Vascular cell adhesion molecule-1 (VCAM-1) is a key biomarker for vascular microenvironment remodeling in OSA-associated lung cancer. A clinical cohort study showed that circulating VCAM-1 levels in OSA patients are significantly associated with cancer risk (Hirsch Allen et al., 2024). It promotes tumor invasion and metastasis by mediating the adhesion and transendothelial migration of tumor cells and endothelial cells (Schlesinger and Bendas, 2015; Dymicka-Piekarska et al., 2012); moreover, VCAM-1 levels in patients with OSA combined with melanoma are significantly higher than those in tumor patients without OSA (Dymicka-Piekarska et al., 2012), indicating its specific role in vascular infiltration of OSA-related tumors. Therefore, the development of VCAM-1-specific inhibitors or antibody drugs can inhibit tumor vascular infiltration and distant metastasis by blocking the interaction between tumor cells and vascular endothelium, which is particularly suitable for OSA-associated lung cancer patients.

In summary, anti-angiogenic therapy, by targeting the abnormal angiogenesis pathway mediated by OSA-related CIH, holds promise as an effective adjuvant treatment for OSA-associated lung cancer. This therapeutic strategy is particularly suitable for combination with CPAP, chemotherapy, or targeted therapy to further improve efficacy. However, the safety and effectiveness of relevant strategies still need to be verified by large-scale clinical trials, and the suitable populations among different lung cancer subtypes need to be clarified.

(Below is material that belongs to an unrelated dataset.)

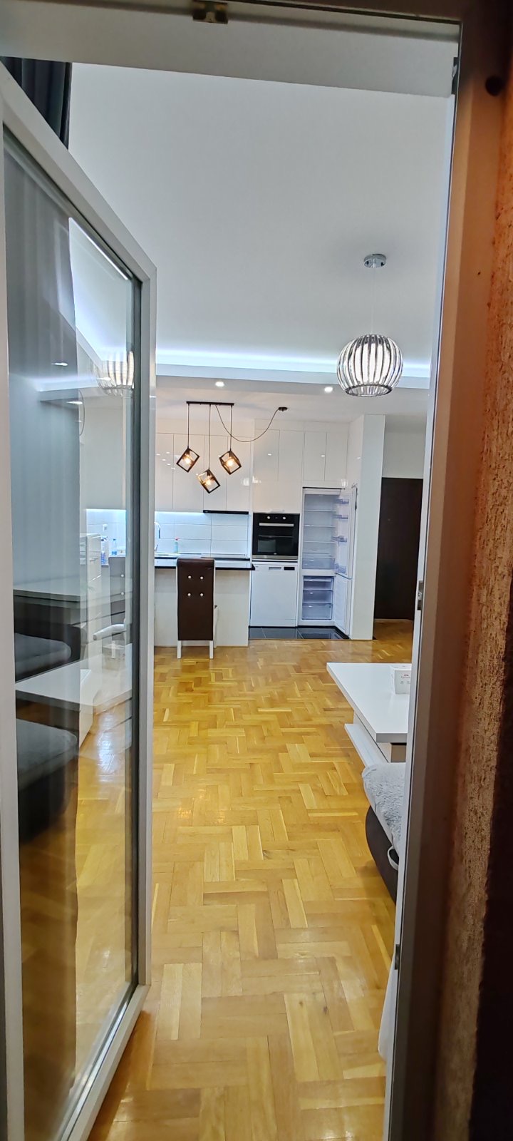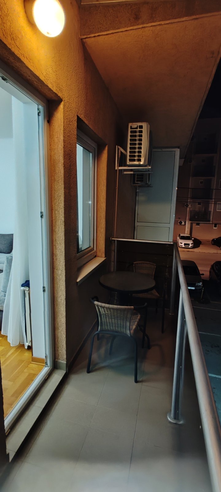Terasa sa pogledom na ulicu. Market u zgradi. Parking mesto ispred zgrade. Pošta, banka, menjačnica na 10-ak minuta hoda. Restorani sa dobrom klopom i kafići u kraju na par minuta od stana.

Endostatin is an endogenous anti-angiogenic glycoprotein hydrolyzed from the carboxyl terminal of extracellular matrix collagen (Poluzzi et al., 2016). It can achieve tumor microenvironment inhibition and vascular normalization recovery by inhibiting VEGF and its signaling pathway, and regulating factors such as HIF-1α, MMPs, and basic fibroblast growth factor (bFGF) (Limaverde-Sousa et al., 2014; Walia et al., 2015; Fukumoto et al., 2005; Li K. et al., 2018). Clinical studies have shown that circulating endostatin levels are elevated in OSA patients (HR = 1.45, 95% CI = 1.12–1.87, P = 0.005) (Hirsch Allen et al., 2024), which is speculated to be a compensatory response to the pro-angiogenic microenvironment induced by OSA (Ärnlöv et al., 2013), but a single elevation is insufficient to inhibit tumor progression. In the CIH-induced OSA-associated lung cancer mouse model, endostatin can reduce cell proliferation and angiogenesis by inhibiting VEGF expression (Zhang et al., 2019), suggesting its potential therapeutic value. Given the complexity of angiogenesis imbalance in OSA patients, endostatin needs to be used in combination with other anti-angiogenic drugs such as VEGF inhibitors to enhance the blocking effect on abnormal angiogenesis and improve therapeutic efficacy.